_Material shown_

------------

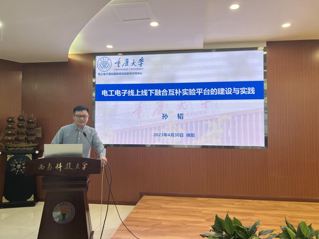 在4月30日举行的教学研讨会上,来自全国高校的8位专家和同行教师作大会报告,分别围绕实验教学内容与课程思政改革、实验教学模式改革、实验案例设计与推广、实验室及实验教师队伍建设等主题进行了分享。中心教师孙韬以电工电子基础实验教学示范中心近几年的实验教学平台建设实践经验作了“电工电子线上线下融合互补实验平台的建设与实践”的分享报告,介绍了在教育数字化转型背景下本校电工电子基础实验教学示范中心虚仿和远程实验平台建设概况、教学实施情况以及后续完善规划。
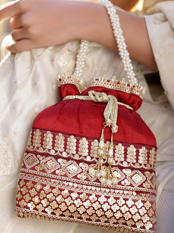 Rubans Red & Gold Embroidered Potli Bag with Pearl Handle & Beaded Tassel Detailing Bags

------------

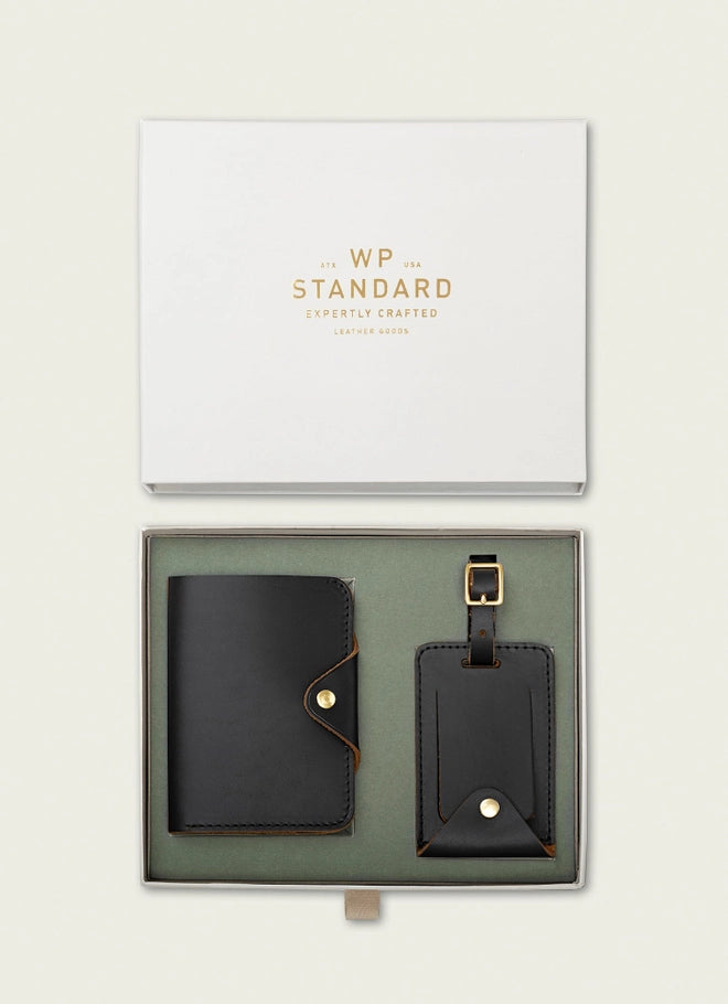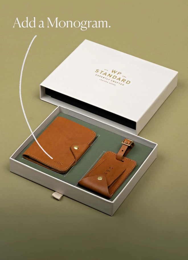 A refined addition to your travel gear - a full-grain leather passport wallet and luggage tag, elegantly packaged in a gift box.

------------

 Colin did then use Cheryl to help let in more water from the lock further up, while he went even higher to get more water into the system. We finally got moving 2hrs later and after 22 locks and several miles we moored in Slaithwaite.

------------

_Problem description_
Transcribe, word for word, the stretch of lines in the data above from the one with "在4月30日举行的教学研讨会" through the one with "Rubans Red &"; omit all pictures.

_Task output_
 在4月30日举行的教学研讨会上,来自全国高校的8位专家和同行教师作大会报告,分别围绕实验教学内容与课程思政改革、实验教学模式改革、实验案例设计与推广、实验室及实验教师队伍建设等主题进行了分享。中心教师孙韬以电工电子基础实验教学示范中心近几年的实验教学平台建设实践经验作了“电工电子线上线下融合互补实验平台的建设与实践”的分享报告,介绍了在教育数字化转型背景下本校电工电子基础实验教学示范中心虚仿和远程实验平台建设概况、教学实施情况以及后续完善规划。
 Rubans Red & Gold Embroidered Potli Bag with Pearl Handle & Beaded Tassel Detailing Bags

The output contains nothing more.